* Data records *
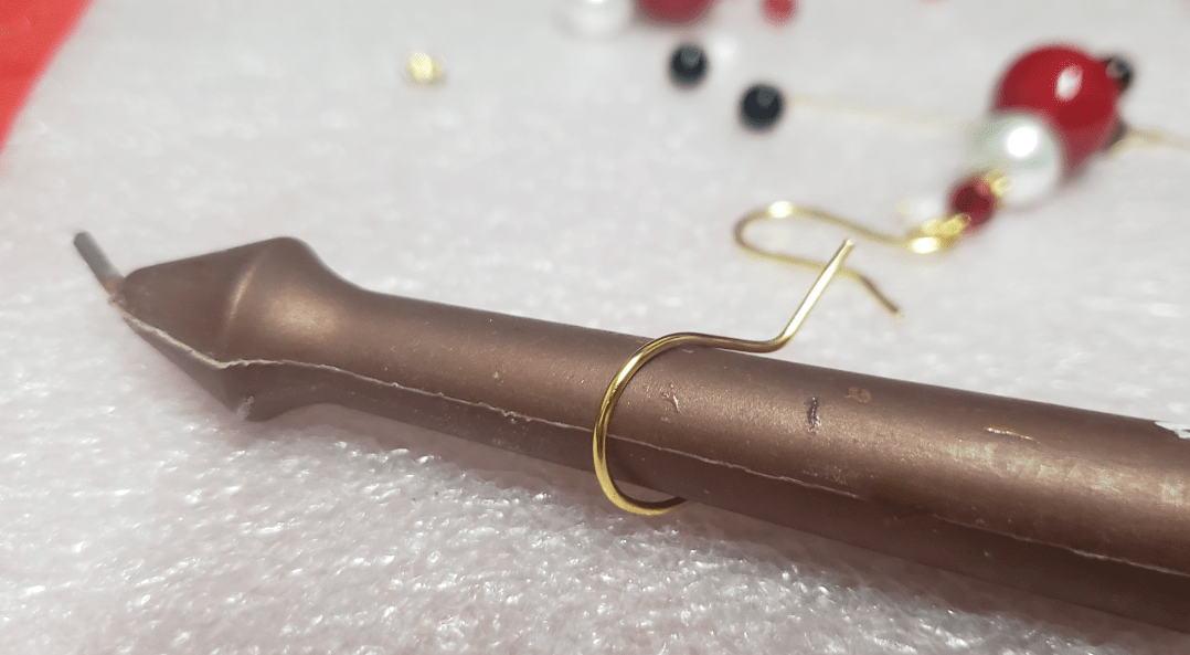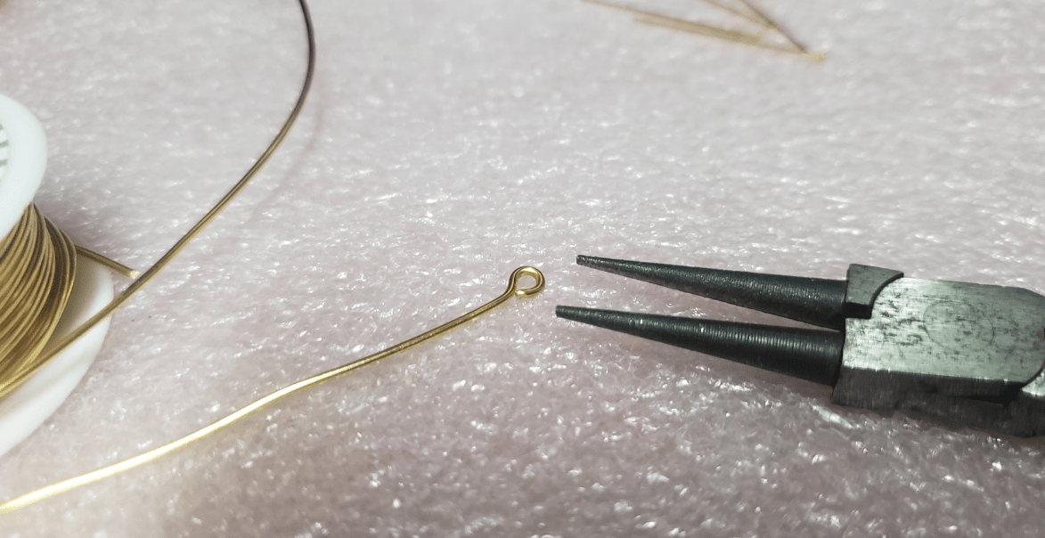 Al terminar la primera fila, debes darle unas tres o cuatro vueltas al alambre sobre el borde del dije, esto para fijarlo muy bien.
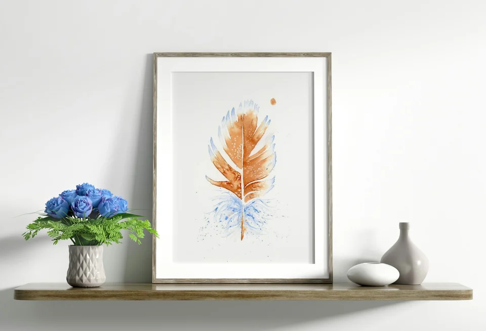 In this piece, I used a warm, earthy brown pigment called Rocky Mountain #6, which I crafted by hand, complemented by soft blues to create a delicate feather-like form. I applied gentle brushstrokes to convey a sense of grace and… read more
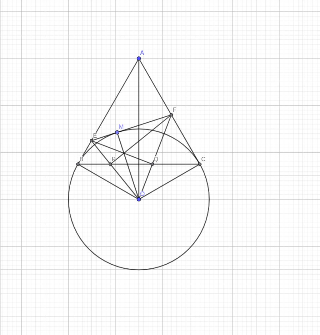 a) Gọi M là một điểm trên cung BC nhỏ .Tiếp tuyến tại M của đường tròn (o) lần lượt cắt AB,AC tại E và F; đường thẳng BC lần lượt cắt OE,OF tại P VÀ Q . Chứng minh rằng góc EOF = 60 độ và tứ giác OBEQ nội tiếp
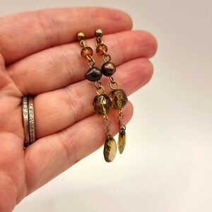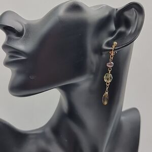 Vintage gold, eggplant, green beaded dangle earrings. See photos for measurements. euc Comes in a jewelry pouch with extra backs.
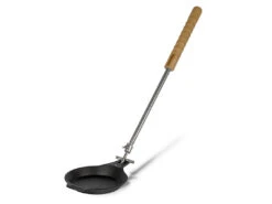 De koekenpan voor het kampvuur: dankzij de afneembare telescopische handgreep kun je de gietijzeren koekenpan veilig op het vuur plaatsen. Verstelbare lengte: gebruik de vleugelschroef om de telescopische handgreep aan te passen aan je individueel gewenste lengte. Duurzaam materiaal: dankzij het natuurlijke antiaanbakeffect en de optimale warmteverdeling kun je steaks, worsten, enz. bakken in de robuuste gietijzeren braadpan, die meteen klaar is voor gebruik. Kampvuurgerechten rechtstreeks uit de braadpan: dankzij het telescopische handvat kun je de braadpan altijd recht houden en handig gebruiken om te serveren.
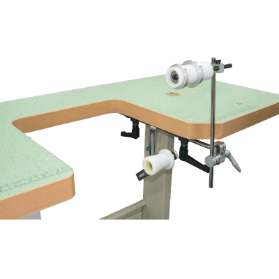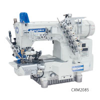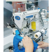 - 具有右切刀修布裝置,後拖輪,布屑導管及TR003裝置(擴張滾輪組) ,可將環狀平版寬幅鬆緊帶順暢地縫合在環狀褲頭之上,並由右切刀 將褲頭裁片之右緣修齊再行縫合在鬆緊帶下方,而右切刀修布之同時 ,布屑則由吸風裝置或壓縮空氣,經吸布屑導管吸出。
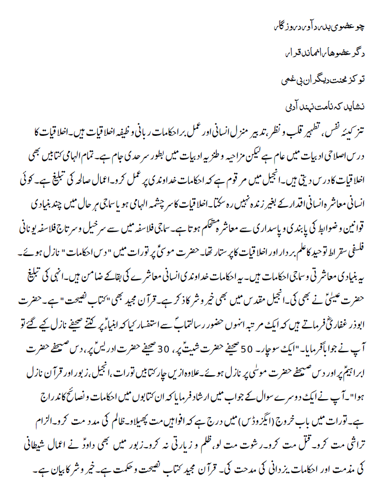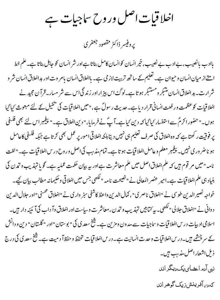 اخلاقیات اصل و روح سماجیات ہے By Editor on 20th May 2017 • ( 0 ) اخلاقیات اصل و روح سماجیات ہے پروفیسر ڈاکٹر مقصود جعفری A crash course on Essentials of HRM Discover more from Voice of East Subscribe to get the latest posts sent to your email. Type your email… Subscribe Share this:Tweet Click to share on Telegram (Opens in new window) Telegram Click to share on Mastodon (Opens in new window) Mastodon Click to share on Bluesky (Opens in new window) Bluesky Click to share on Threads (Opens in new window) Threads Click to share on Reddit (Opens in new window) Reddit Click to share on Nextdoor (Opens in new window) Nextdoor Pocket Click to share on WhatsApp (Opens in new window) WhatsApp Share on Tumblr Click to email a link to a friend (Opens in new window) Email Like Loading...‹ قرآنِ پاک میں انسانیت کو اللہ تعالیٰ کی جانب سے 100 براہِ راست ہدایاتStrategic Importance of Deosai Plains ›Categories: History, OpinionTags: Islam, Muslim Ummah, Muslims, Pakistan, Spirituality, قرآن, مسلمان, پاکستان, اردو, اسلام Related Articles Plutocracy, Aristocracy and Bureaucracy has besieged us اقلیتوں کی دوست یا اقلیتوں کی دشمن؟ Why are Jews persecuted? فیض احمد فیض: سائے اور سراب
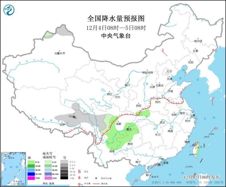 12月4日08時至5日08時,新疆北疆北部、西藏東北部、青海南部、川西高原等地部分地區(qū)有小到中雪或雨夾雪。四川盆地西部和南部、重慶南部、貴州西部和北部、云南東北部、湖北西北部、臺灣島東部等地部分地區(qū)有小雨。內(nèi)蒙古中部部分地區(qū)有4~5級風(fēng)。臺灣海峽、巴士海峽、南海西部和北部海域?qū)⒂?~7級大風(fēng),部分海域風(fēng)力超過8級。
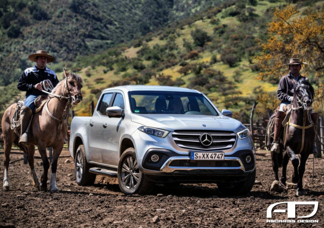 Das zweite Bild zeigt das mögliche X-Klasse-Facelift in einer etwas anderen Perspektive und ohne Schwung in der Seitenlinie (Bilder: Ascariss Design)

* Problem to solve *
Reprint each of the records exactly and skip the images.

* Response below *
 Al terminar la primera fila, debes darle unas tres o cuatro vueltas al alambre sobre el borde del dije, esto para fijarlo muy bien.
 In this piece, I used a warm, earthy brown pigment called Rocky Mountain #6, which I crafted by hand, complemented by soft blues to create a delicate feather-like form. I applied gentle brushstrokes to convey a sense of grace and… read more
 a) Gọi M là một điểm trên cung BC nhỏ .Tiếp tuyến tại M của đường tròn (o) lần lượt cắt AB,AC tại E và F; đường thẳng BC lần lượt cắt OE,OF tại P VÀ Q . Chứng minh rằng góc EOF = 60 độ và tứ giác OBEQ nội tiếp
 Vintage gold, eggplant, green beaded dangle earrings. See photos for measurements. euc Comes in a jewelry pouch with extra backs.
 De koekenpan voor het kampvuur: dankzij de afneembare telescopische handgreep kun je de gietijzeren koekenpan veilig op het vuur plaatsen. Verstelbare lengte: gebruik de vleugelschroef om de telescopische handgreep aan te passen aan je individueel gewenste lengte. Duurzaam materiaal: dankzij het natuurlijke antiaanbakeffect en de optimale warmteverdeling kun je steaks, worsten, enz. bakken in de robuuste gietijzeren braadpan, die meteen klaar is voor gebruik. Kampvuurgerechten rechtstreeks uit de braadpan: dankzij het telescopische handvat kun je de braadpan altijd recht houden en handig gebruiken om te serveren.
 - 具有右切刀修布裝置,後拖輪,布屑導管及TR003裝置(擴張滾輪組) ,可將環狀平版寬幅鬆緊帶順暢地縫合在環狀褲頭之上,並由右切刀 將褲頭裁片之右緣修齊再行縫合在鬆緊帶下方,而右切刀修布之同時 ,布屑則由吸風裝置或壓縮空氣,經吸布屑導管吸出。
 اخلاقیات اصل و روح سماجیات ہے By Editor on 20th May 2017 • ( 0 ) اخلاقیات اصل و روح سماجیات ہے پروفیسر ڈاکٹر مقصود جعفری A crash course on Essentials of HRM Discover more from Voice of East Subscribe to get the latest posts sent to your email. Type your email… Subscribe Share this:Tweet Click to share on Telegram (Opens in new window) Telegram Click to share on Mastodon (Opens in new window) Mastodon Click to share on Bluesky (Opens in new window) Bluesky Click to share on Threads (Opens in new window) Threads Click to share on Reddit (Opens in new window) Reddit Click to share on Nextdoor (Opens in new window) Nextdoor Pocket Click to share on WhatsApp (Opens in new window) WhatsApp Share on Tumblr Click to email a link to a friend (Opens in new window) Email Like Loading...‹ قرآنِ پاک میں انسانیت کو اللہ تعالیٰ کی جانب سے 100 براہِ راست ہدایاتStrategic Importance of Deosai Plains ›Categories: History, OpinionTags: Islam, Muslim Ummah, Muslims, Pakistan, Spirituality, قرآن, مسلمان, پاکستان, اردو, اسلام Related Articles Plutocracy, Aristocracy and Bureaucracy has besieged us اقلیتوں کی دوست یا اقلیتوں کی دشمن؟ Why are Jews persecuted? فیض احمد فیض: سائے اور سراب
 12月4日08時至5日08時,新疆北疆北部、西藏東北部、青海南部、川西高原等地部分地區(qū)有小到中雪或雨夾雪。四川盆地西部和南部、重慶南部、貴州西部和北部、云南東北部、湖北西北部、臺灣島東部等地部分地區(qū)有小雨。內(nèi)蒙古中部部分地區(qū)有4~5級風(fēng)。臺灣海峽、巴士海峽、南海西部和北部海域?qū)⒂?~7級大風(fēng),部分海域風(fēng)力超過8級。
 Das zweite Bild zeigt das mögliche X-Klasse-Facelift in einer etwas anderen Perspektive und ohne Schwung in der Seitenlinie (Bilder: Ascariss Design)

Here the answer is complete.